**REQUIRED ACTION**
The data below should be restated word for word, with every picture omitted.

**DATA EXCERPT**
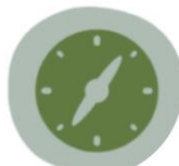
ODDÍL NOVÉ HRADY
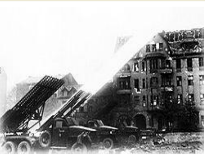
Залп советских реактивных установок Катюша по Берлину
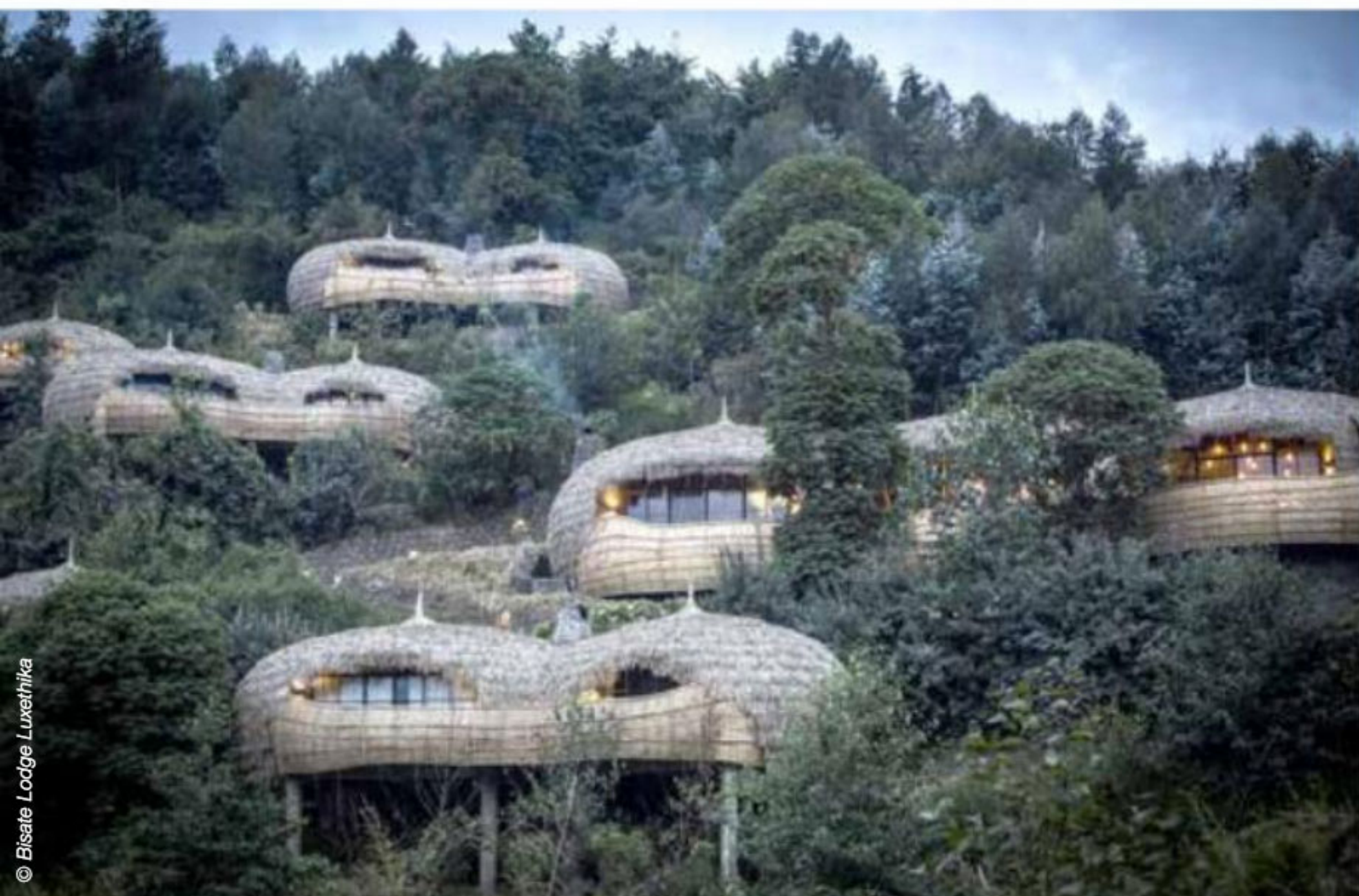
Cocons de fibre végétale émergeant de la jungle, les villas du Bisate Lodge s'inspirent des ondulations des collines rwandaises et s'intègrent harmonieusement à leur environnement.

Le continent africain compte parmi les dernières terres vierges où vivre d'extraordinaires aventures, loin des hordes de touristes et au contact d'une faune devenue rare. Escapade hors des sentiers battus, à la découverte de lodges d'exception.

**TASK ANSWER**
ODDÍL NOVÉ HRADY
Залп советских реактивных установок Катюша по Берлину
Cocons de fibre végétale émergeant de la jungle, les villas du Bisate Lodge s'inspirent des ondulations des collines rwandaises et s'intègrent harmonieusement à leur environnement.

Le continent africain compte parmi les dernières terres vierges où vivre d'extraordinaires aventures, loin des hordes de touristes et au contact d'une faune devenue rare. Escapade hors des sentiers battus, à la découverte de lodges d'exception.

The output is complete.